### TASK DESCRIPTION
Beginning with the line containing "廣西盛豐建設(shè)集團(tuán)有" and going on through the line containing "데일리템으로 강강추 👍🏻", the lines below are to be returned exactly, pictures excluded and nothing added.

### DATA SECTION

Content starts

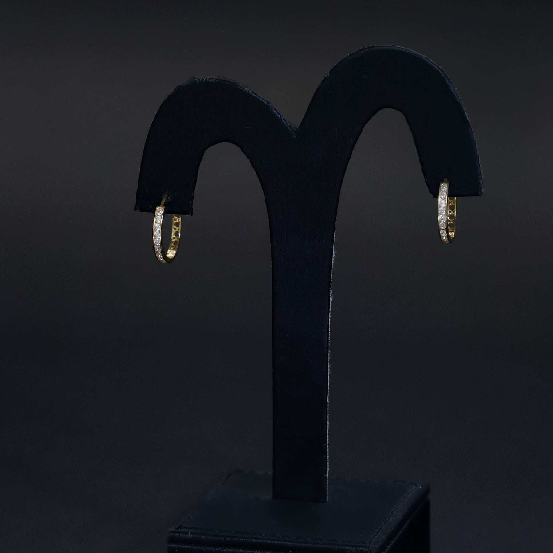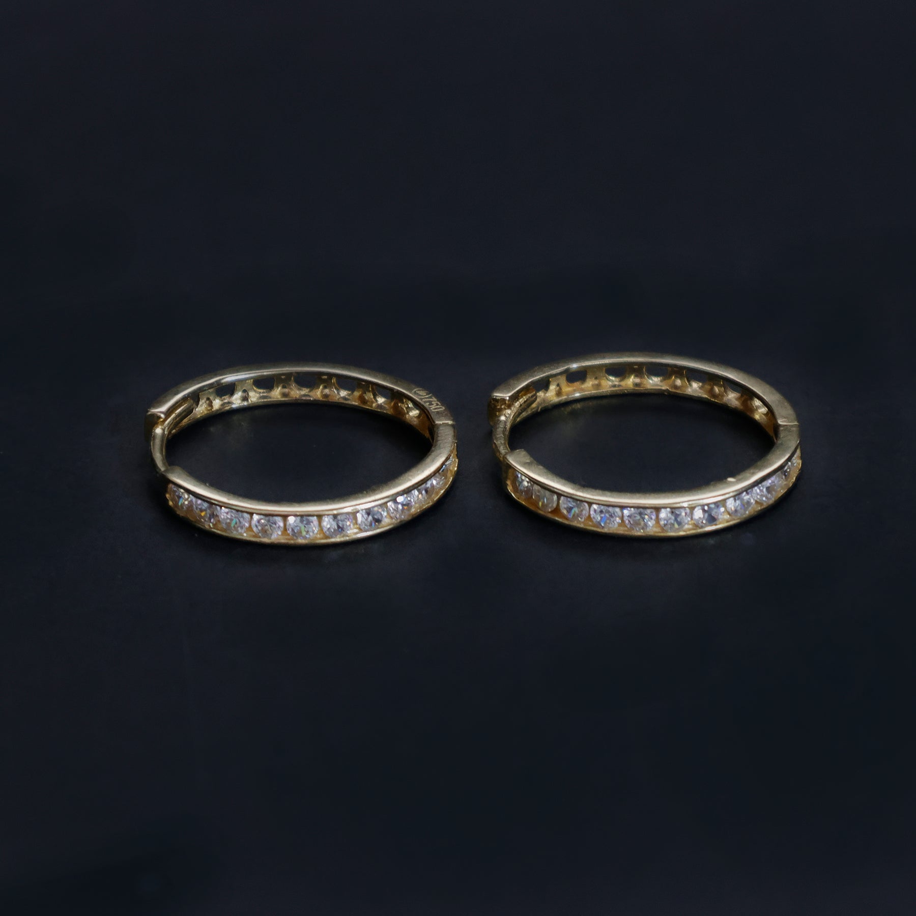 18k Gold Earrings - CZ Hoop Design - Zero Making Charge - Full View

Content ends
Content starts

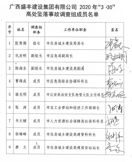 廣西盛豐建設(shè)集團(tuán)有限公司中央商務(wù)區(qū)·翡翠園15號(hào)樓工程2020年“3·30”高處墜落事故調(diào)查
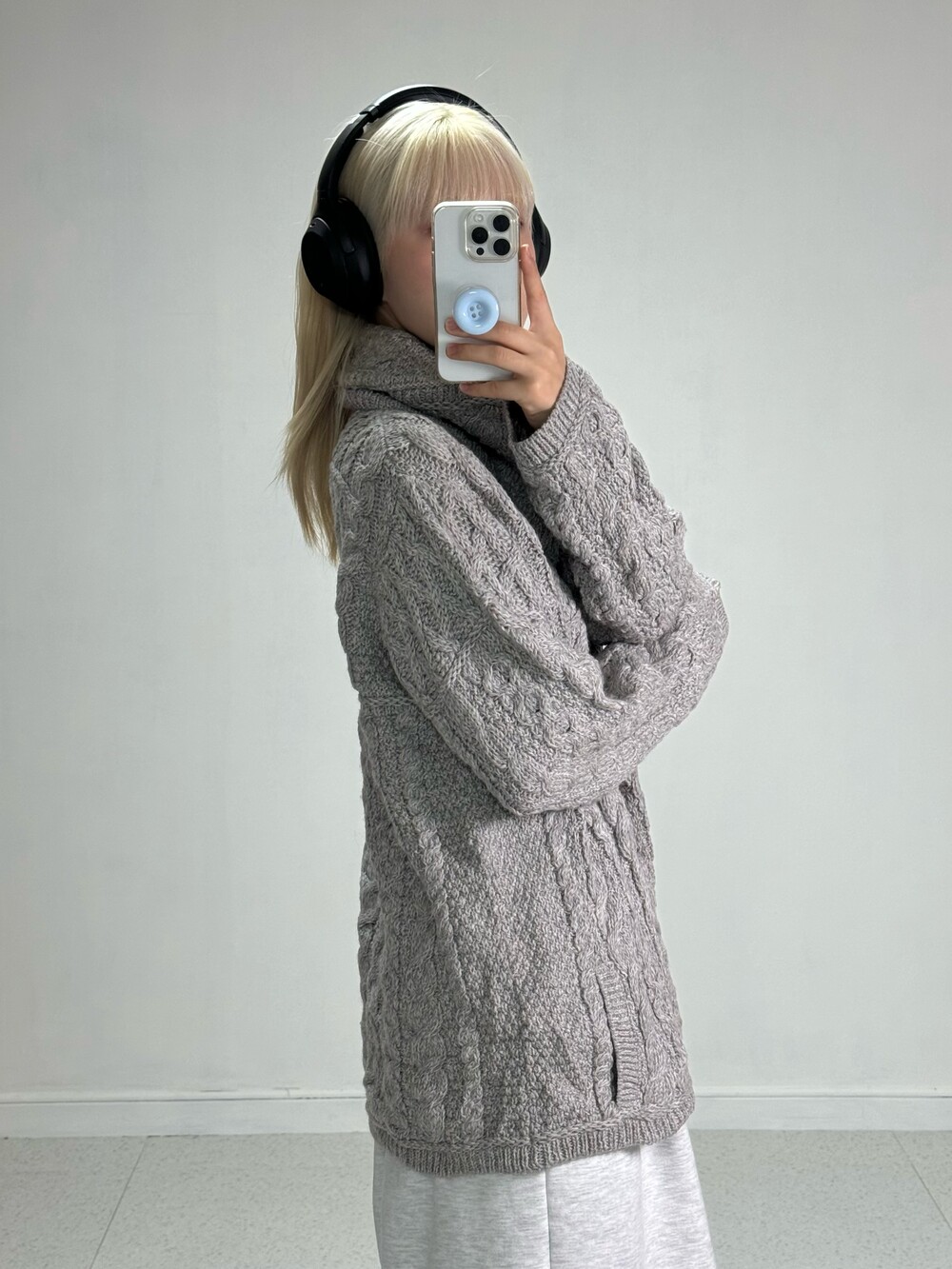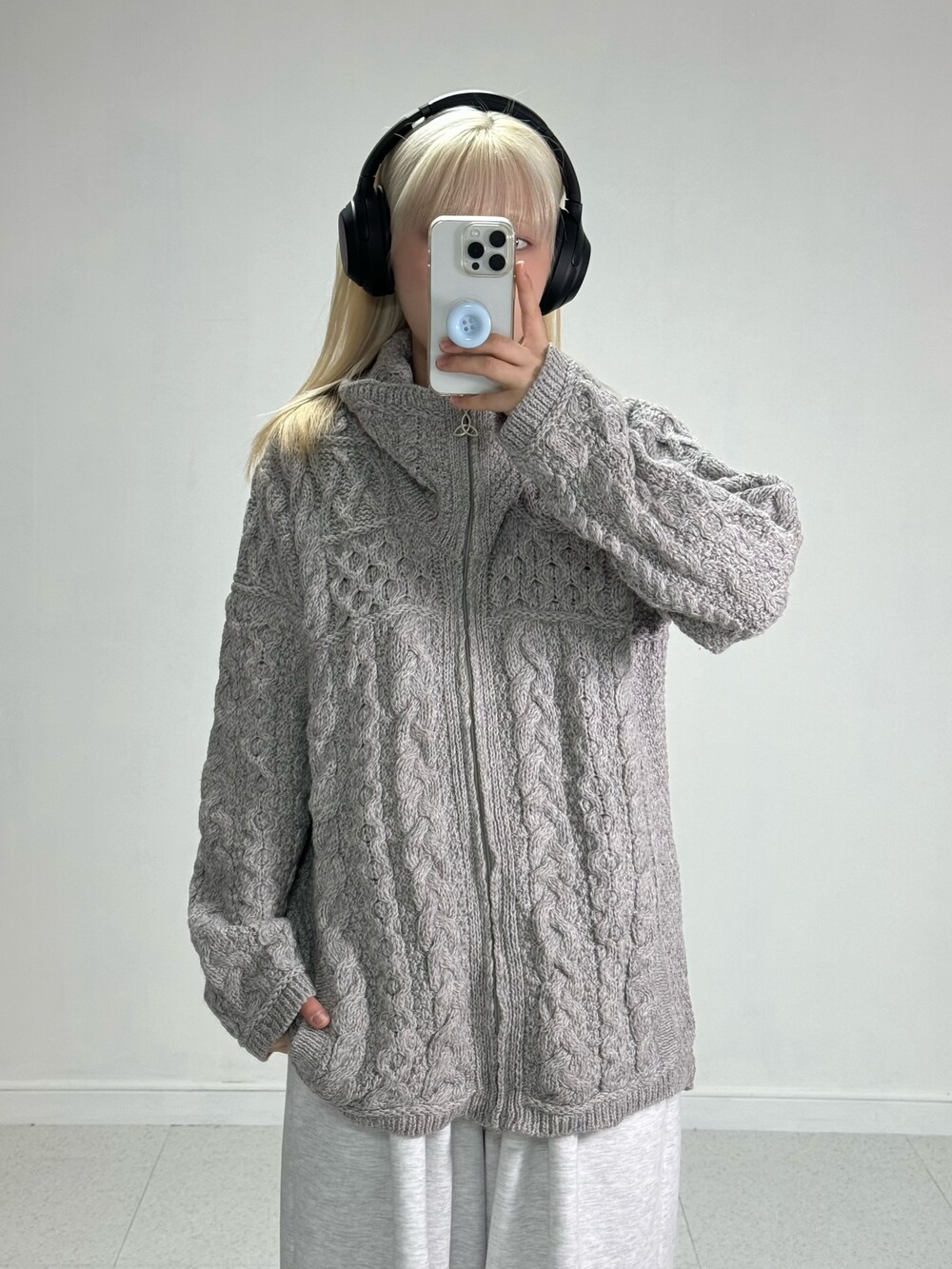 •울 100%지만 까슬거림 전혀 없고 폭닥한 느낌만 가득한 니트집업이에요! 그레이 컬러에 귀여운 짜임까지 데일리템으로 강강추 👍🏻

Content ends

### RESULT
 廣西盛豐建設(shè)集團(tuán)有限公司中央商務(wù)區(qū)·翡翠園15號(hào)樓工程2020年“3·30”高處墜落事故調(diào)查
 •울 100%지만 까슬거림 전혀 없고 폭닥한 느낌만 가득한 니트집업이에요! 그레이 컬러에 귀여운 짜임까지 데일리템으로 강강추 👍🏻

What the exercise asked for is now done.